▶ _Problem requirements_
Return all the lines below exactly as written. Drop every picture.

▶ _Exercise data_
+===+
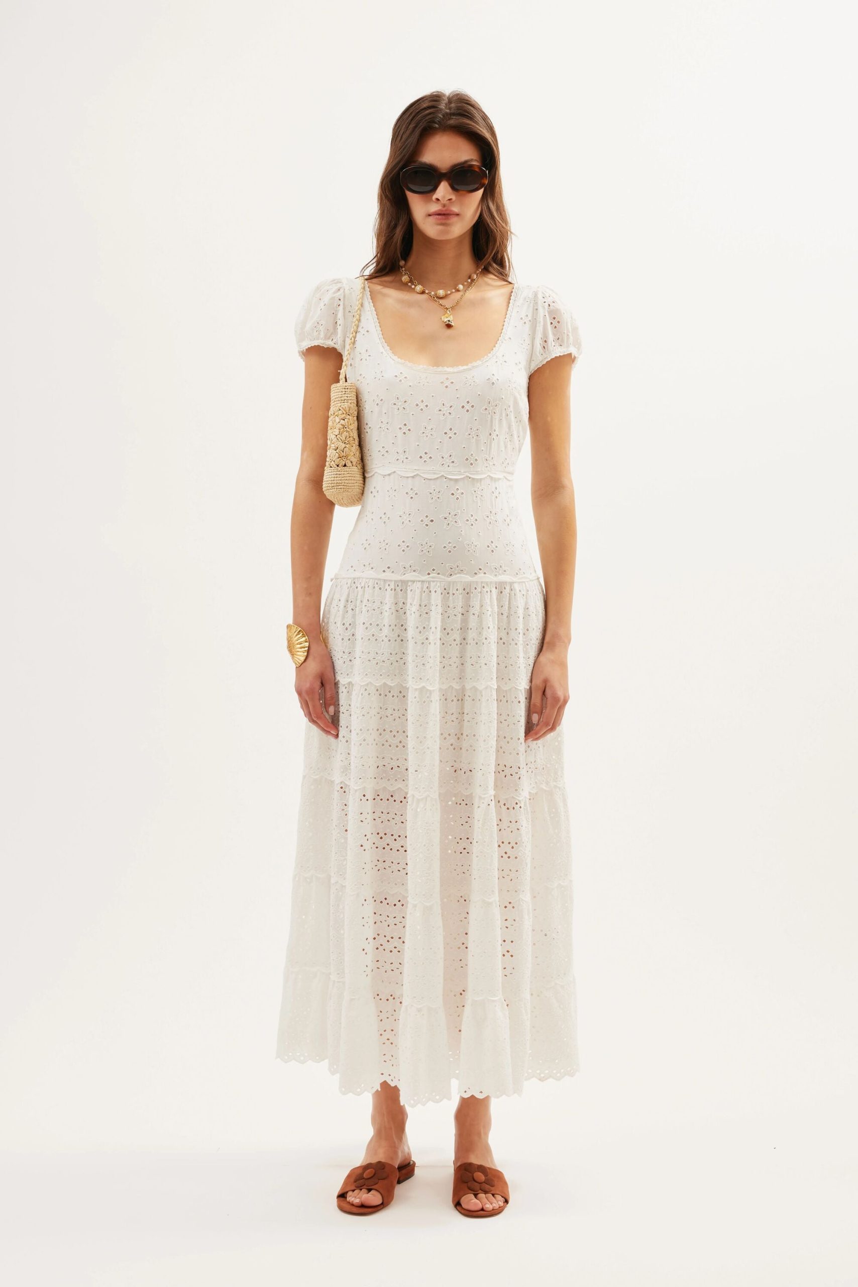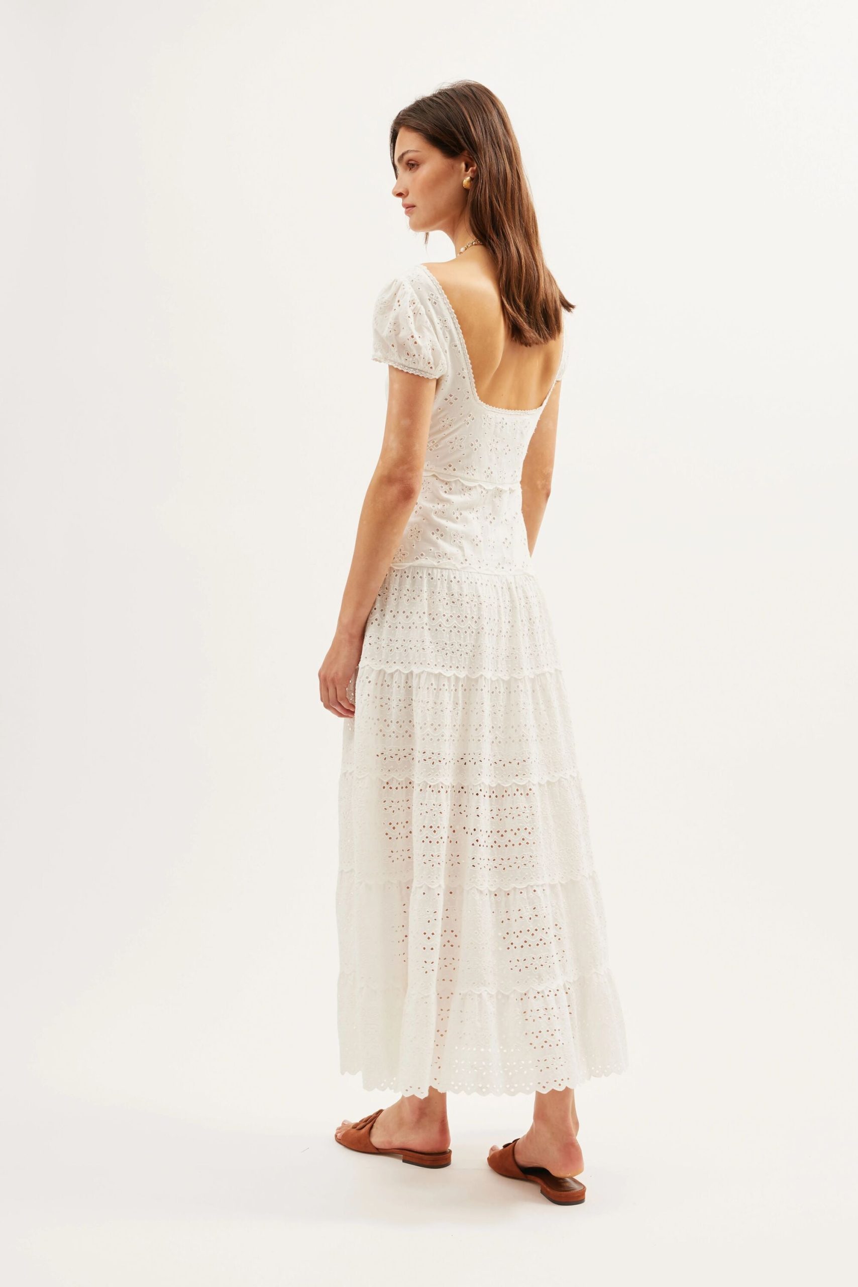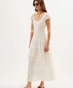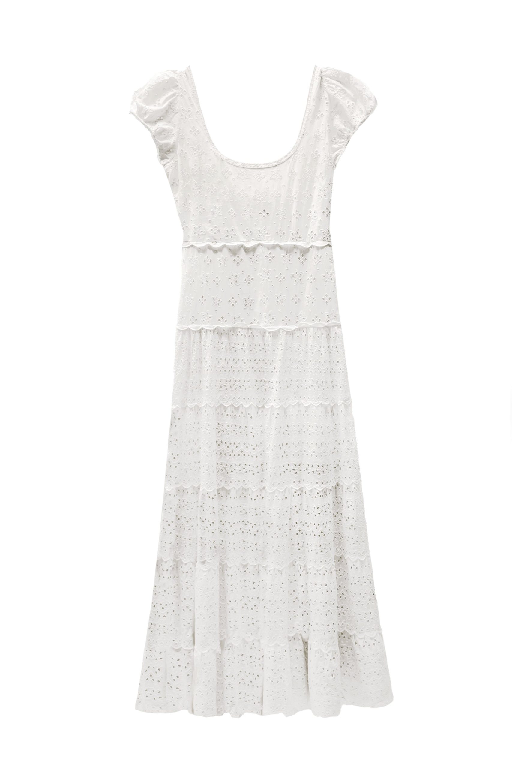 Product detailsDetailsThis scoop-neck Remi dress is a new shape for us, and perfect for summer. It has scalloped ruffles through the skirt and puffed cap sleeves. The broderie anglaise cotton-voile was designed in-house.Fit
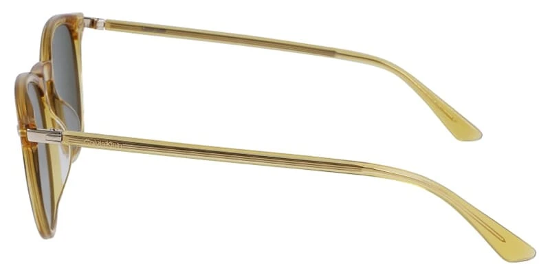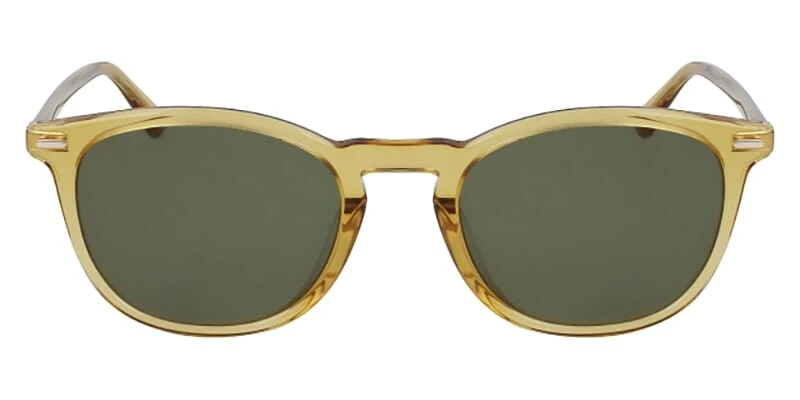 This round Calvin Klein sunglass comes in a butterscotch frame with green lenses.
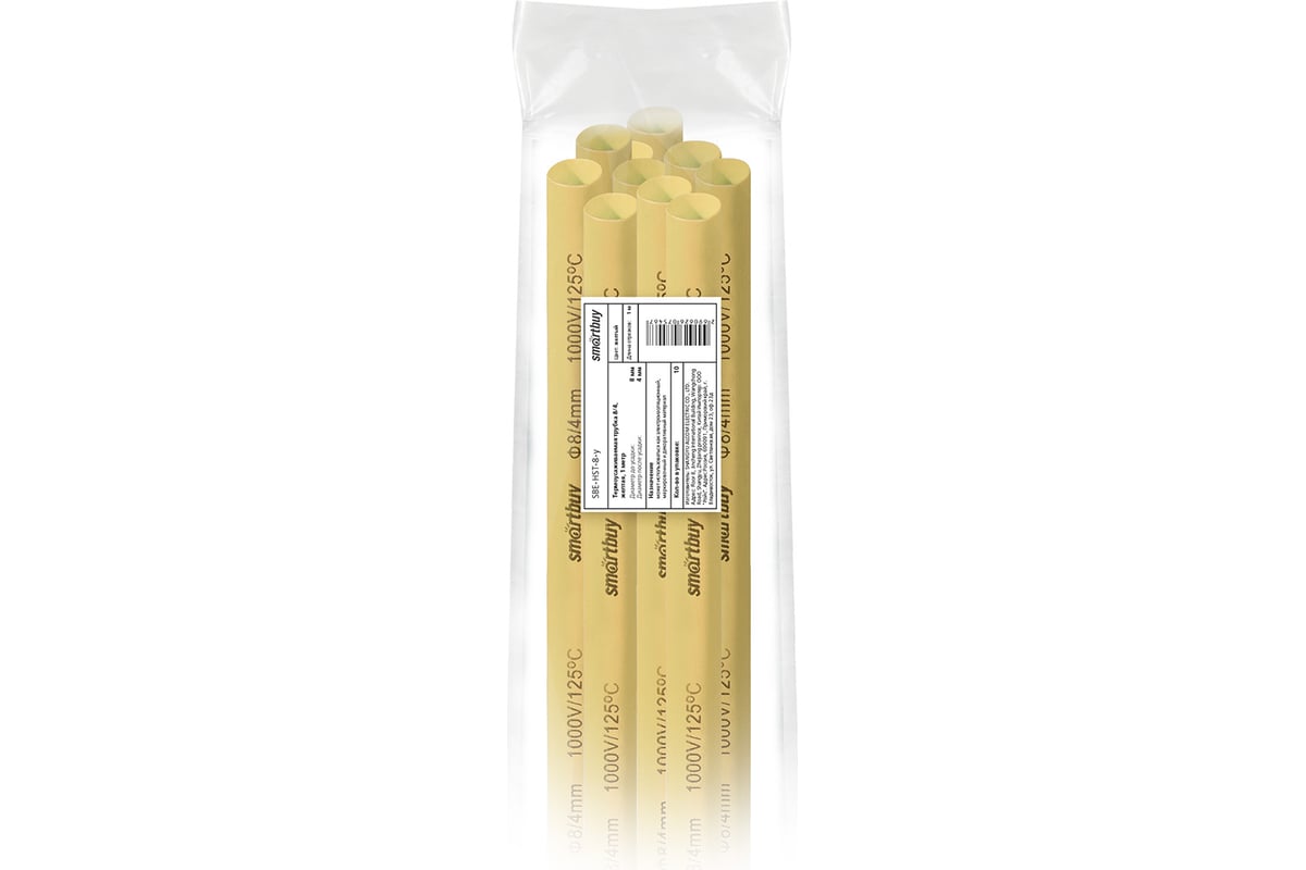 Термоусаживаемая трубка Smartbuy 8/4, желтая, 1 метр SBE-HST-8-y представляет собой трубку выполненную из полиолефина. Трубка предназначена для изоляции и антикоррозионной защиты электрических соединений. Надетая в растянутом состоянии на различные предметы, при нагреве она уменьшается в размерах, обтягивая предметы, принимая их наружную форму.
+===+
▶ _Answer below_
 Product detailsDetailsThis scoop-neck Remi dress is a new shape for us, and perfect for summer. It has scalloped ruffles through the skirt and puffed cap sleeves. The broderie anglaise cotton-voile was designed in-house.Fit
 This round Calvin Klein sunglass comes in a butterscotch frame with green lenses.
 Термоусаживаемая трубка Smartbuy 8/4, желтая, 1 метр SBE-HST-8-y представляет собой трубку выполненную из полиолефина. Трубка предназначена для изоляции и антикоррозионной защиты электрических соединений. Надетая в растянутом состоянии на различные предметы, при нагреве она уменьшается в размерах, обтягивая предметы, принимая их наружную форму.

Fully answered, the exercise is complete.